There is a great deal of confusion about gifting and gift taxes. The federal gift tax law is completely apart from the income tax law. Neither party to a gift should include the gift information on their income tax return. The gift is not tax-deductible by the one giving the gift, and it is not taxable income to the one receiving the gift. But a gift tax return may need to be filed.

So, who has to file a gift tax return? The gift tax applies to the transfer of money or property from one individual (the donor) to another (the donee). If a gift tax return is due, it is filed by the donor.

Certain gifts are not taxable and do not require the filing of a gift tax return, including the following:

*Gifts in 2012 of $13,000 or less per person to any number of people are not taxable. That limit increases to $14,000 in 2013.

*A payment for another’s tuition made directly to an educational institute.

*A payment for medical treatment of another made directly to the medical facility.

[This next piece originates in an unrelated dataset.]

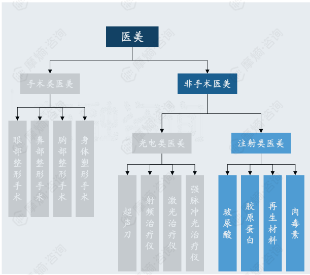 医疗美容是指运用手术、药物、医疗器械等医学技术方法对人的容貌和人体各部位形态进行的修复与再塑。通常将医疗美容分为手术类和非手术类,手术类常见的有重睑手术、外科隆鼻手术、隆胸手术等。非手术类可分为光电类、注射类,光电类主要采用超声、射频、激光、脉冲光等医疗设备作用于皮肤不同层次来美容;而注射类则通过皮下注射玻尿酸、胶原蛋白、再生材料、肉毒素来改善外貌。

*Unlimited gifts made to one’s spouse (there is a dollar limit if the spouse is not a U.S. citizen).

If you make taxable gifts, a Form 709 is due by April 15 of the following year (the same due date as your federal income tax Form 1040). But don’t panic, you probably won’t owe gift tax. In addition to the above exclusions, you have a lifetime exemption — in 2012 the exemption is $5,120,000. This exemption is scheduled to drop to $1,000,000 in 2013 unless Congress acts to change the law.